The Zolberg Institute in Migration and Mobility and the Sociology Department Present:
Religion, Ethnicity, and Democracy in Israel Workshop Horit Peled & Yoav Peled
The Religionization of Israeli Society
An examination of the growing saliency of religious personalities, religious themes, and the religious outlook in Jewish Israeli society, in order to test the argument that Israeli society is undergoing a process of religionization, as well as the counter-argument, that secular-religious relations among Jews in Israel went into crisis in the 1980s and that the society had actually secularized, in one way or another, during the 1990s.
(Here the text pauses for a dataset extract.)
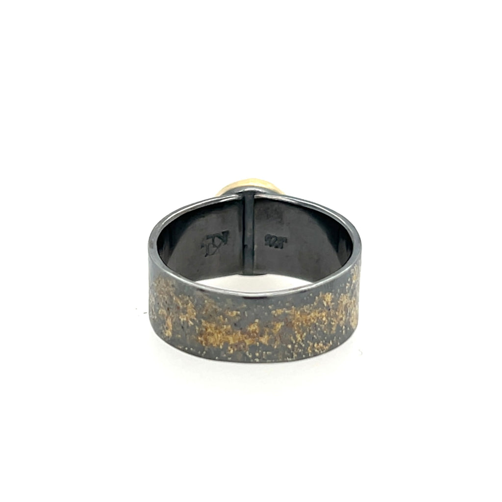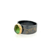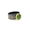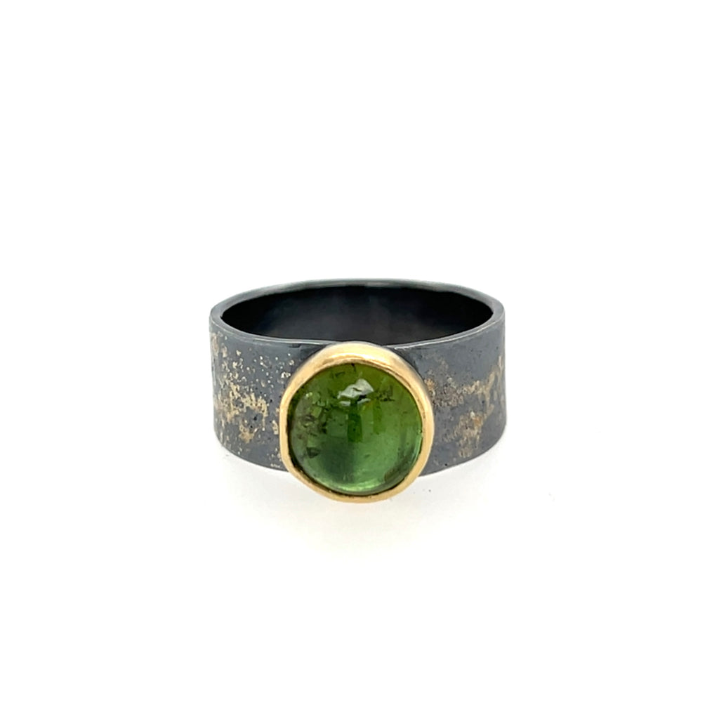 Round green tourmaline set in an 18-karat gold bezel on a sterling silver band patterned with fused recycled 14 and 18 karat gold dust.

We seek to explain the causes and significance of these two processes and the seeming contradiction between them, as well as the variance in the trajectory of religionization as between different historical periods.
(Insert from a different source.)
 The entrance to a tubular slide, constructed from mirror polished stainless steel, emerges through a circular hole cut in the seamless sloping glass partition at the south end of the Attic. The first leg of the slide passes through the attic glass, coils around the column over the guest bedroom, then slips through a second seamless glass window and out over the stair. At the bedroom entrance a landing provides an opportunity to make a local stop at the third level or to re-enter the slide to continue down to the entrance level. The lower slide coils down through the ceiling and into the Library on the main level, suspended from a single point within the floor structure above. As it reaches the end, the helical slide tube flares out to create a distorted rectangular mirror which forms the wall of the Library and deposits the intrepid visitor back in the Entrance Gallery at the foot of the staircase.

Citizenship and Ethno-Democracy
Ethnic democracies can be sustainable if the two conflicting constitutional principles defining them as such — ethno-nationalism and liberal democracy — are successfully mediated by a third principle, whatever that may be. This argument is substantiated through the examination of three cases: one where ethnic democracy, while formally written into the constitution, never really took hold (Poland), one that was stable for fifty years and then collapsed in a relatively short time (N Ireland), and a third that was stable for 35 years and is now eroding (Israel). In each case I show how the lack, or deterioration of the mediating third principle is responsible for the difficulties experienced by ethnic democracy.